───── Data below ─────

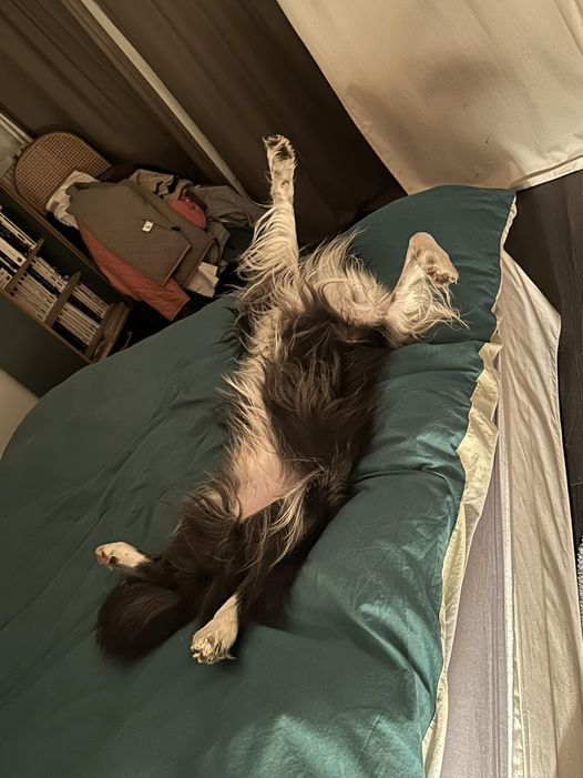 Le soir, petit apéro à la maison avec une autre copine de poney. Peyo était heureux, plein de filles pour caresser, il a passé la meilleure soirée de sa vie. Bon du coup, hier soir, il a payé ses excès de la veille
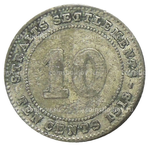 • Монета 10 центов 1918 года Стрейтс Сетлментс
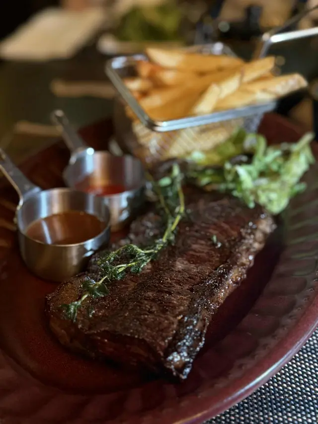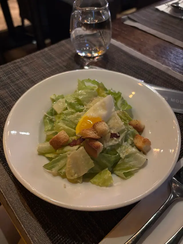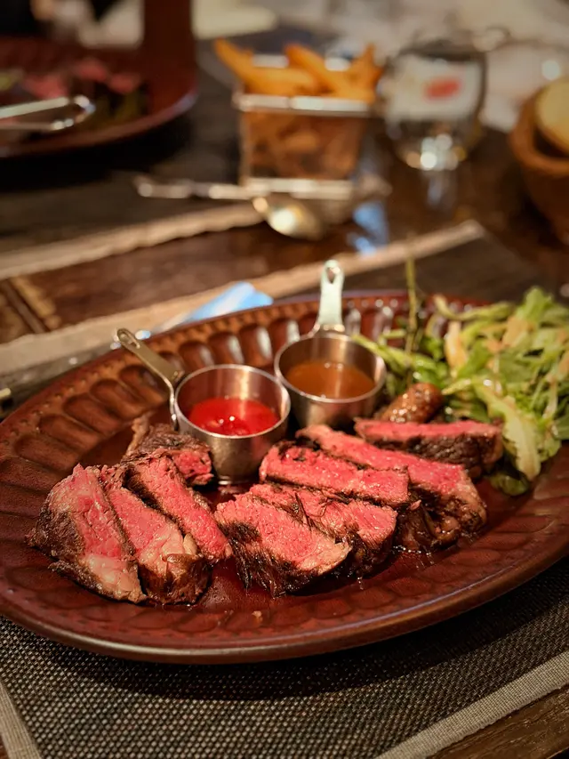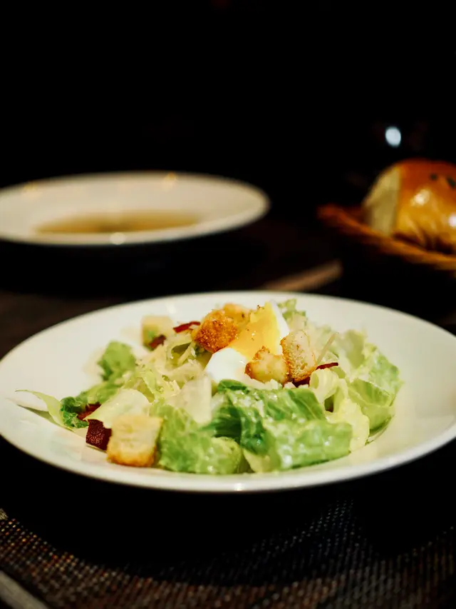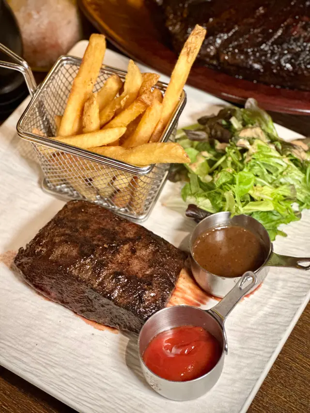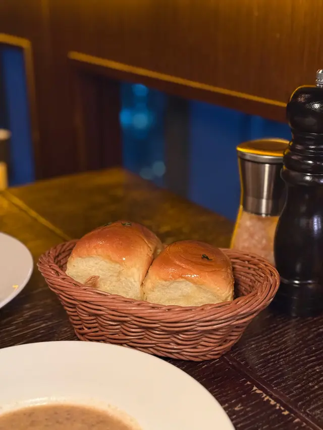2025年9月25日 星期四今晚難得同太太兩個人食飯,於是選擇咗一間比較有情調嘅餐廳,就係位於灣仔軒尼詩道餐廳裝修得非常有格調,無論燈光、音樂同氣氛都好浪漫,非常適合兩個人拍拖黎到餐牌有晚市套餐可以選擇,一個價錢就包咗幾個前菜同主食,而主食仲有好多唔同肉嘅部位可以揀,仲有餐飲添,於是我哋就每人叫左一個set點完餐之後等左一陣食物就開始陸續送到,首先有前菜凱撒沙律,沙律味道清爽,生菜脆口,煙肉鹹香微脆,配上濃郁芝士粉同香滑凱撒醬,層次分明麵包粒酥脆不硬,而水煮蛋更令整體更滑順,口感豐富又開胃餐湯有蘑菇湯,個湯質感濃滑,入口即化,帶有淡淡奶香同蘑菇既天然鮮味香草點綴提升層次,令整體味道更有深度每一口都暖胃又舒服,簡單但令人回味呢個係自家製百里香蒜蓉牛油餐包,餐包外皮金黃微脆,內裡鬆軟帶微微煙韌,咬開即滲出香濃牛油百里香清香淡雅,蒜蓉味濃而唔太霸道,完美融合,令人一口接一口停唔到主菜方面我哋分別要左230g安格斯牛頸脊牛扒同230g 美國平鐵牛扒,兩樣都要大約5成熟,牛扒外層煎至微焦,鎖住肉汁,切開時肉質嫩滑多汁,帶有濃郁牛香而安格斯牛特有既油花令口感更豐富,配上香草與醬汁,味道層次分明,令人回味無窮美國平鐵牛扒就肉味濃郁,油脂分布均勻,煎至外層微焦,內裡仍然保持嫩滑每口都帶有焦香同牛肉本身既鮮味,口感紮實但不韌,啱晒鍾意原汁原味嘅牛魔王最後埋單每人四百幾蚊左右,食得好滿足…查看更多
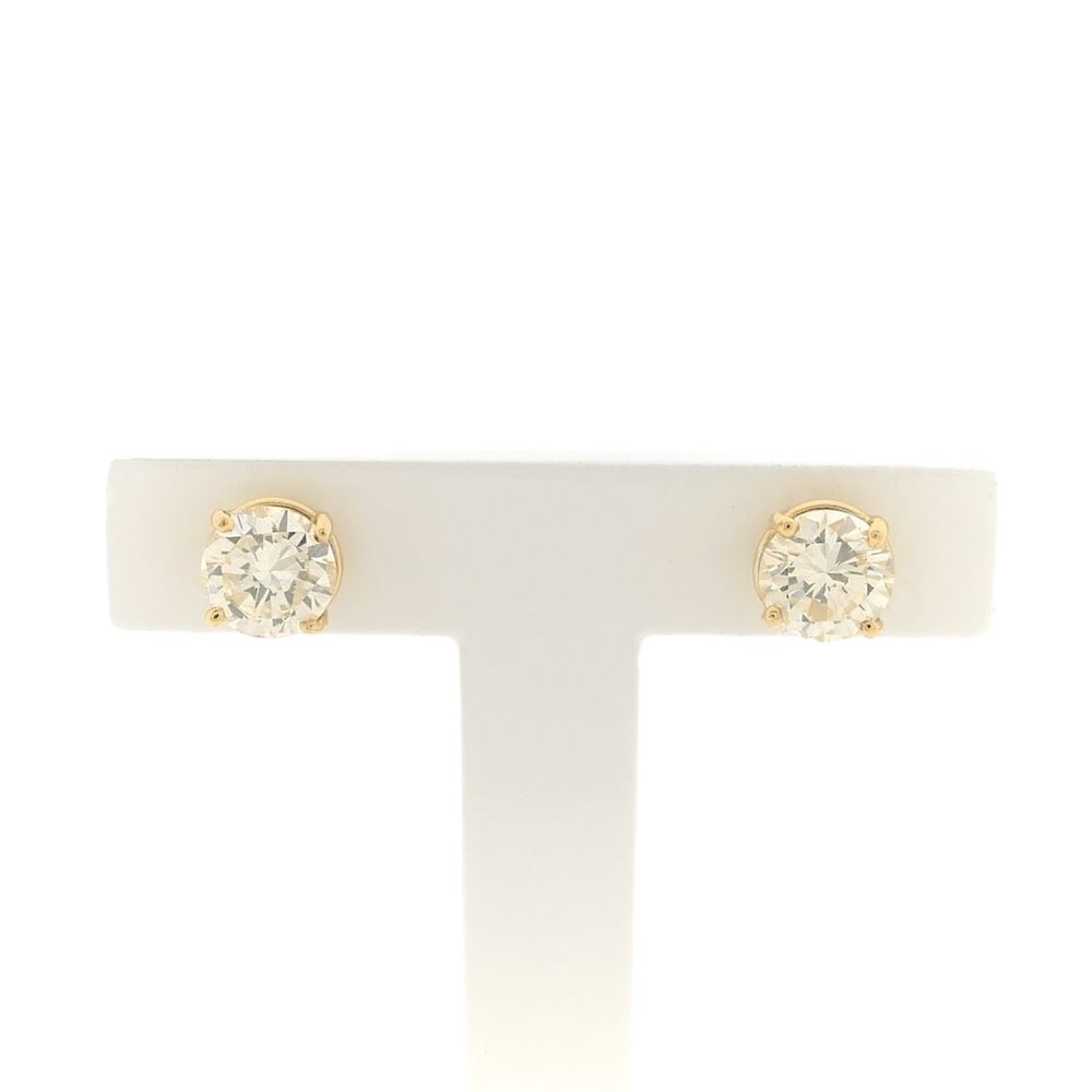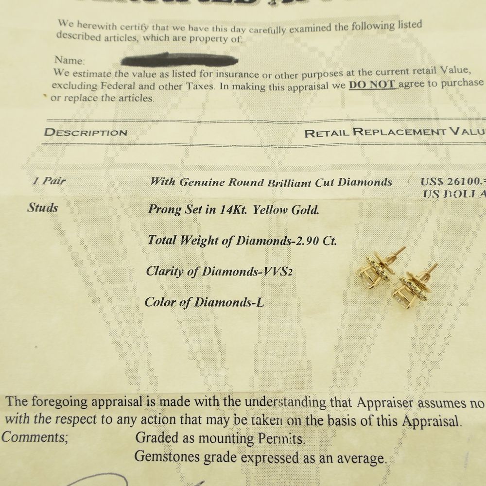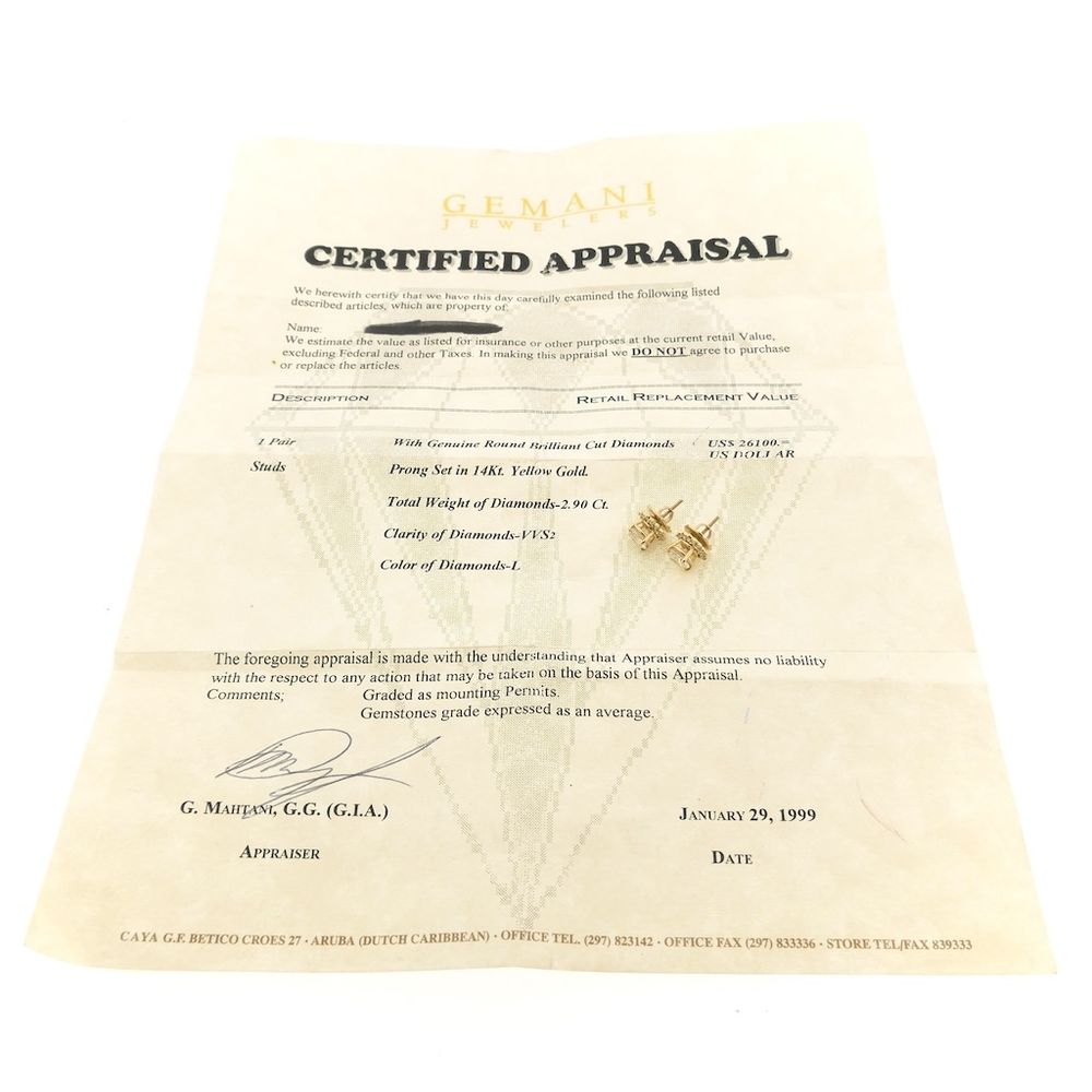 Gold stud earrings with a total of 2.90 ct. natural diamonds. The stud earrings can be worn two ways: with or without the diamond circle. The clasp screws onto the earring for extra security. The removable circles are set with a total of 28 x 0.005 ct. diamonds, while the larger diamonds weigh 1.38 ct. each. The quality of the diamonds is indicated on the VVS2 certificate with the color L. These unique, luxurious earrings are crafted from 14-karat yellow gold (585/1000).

─────

- [What is required] Exactly repeat every line from the line that includes "года Стрейтс Сетлментс" to the end of the listing, and nothing else, leaving pictures out.

- [Solution below]
 • Монета 10 центов 1918 года Стрейтс Сетлментс
2025年9月25日 星期四今晚難得同太太兩個人食飯,於是選擇咗一間比較有情調嘅餐廳,就係位於灣仔軒尼詩道餐廳裝修得非常有格調,無論燈光、音樂同氣氛都好浪漫,非常適合兩個人拍拖黎到餐牌有晚市套餐可以選擇,一個價錢就包咗幾個前菜同主食,而主食仲有好多唔同肉嘅部位可以揀,仲有餐飲添,於是我哋就每人叫左一個set點完餐之後等左一陣食物就開始陸續送到,首先有前菜凱撒沙律,沙律味道清爽,生菜脆口,煙肉鹹香微脆,配上濃郁芝士粉同香滑凱撒醬,層次分明麵包粒酥脆不硬,而水煮蛋更令整體更滑順,口感豐富又開胃餐湯有蘑菇湯,個湯質感濃滑,入口即化,帶有淡淡奶香同蘑菇既天然鮮味香草點綴提升層次,令整體味道更有深度每一口都暖胃又舒服,簡單但令人回味呢個係自家製百里香蒜蓉牛油餐包,餐包外皮金黃微脆,內裡鬆軟帶微微煙韌,咬開即滲出香濃牛油百里香清香淡雅,蒜蓉味濃而唔太霸道,完美融合,令人一口接一口停唔到主菜方面我哋分別要左230g安格斯牛頸脊牛扒同230g 美國平鐵牛扒,兩樣都要大約5成熟,牛扒外層煎至微焦,鎖住肉汁,切開時肉質嫩滑多汁,帶有濃郁牛香而安格斯牛特有既油花令口感更豐富,配上香草與醬汁,味道層次分明,令人回味無窮美國平鐵牛扒就肉味濃郁,油脂分布均勻,煎至外層微焦,內裡仍然保持嫩滑每口都帶有焦香同牛肉本身既鮮味,口感紮實但不韌,啱晒鍾意原汁原味嘅牛魔王最後埋單每人四百幾蚊左右,食得好滿足…查看更多
 Gold stud earrings with a total of 2.90 ct. natural diamonds. The stud earrings can be worn two ways: with or without the diamond circle. The clasp screws onto the earring for extra security. The removable circles are set with a total of 28 x 0.005 ct. diamonds, while the larger diamonds weigh 1.38 ct. each. The quality of the diamonds is indicated on the VVS2 certificate with the color L. These unique, luxurious earrings are crafted from 14-karat yellow gold (585/1000).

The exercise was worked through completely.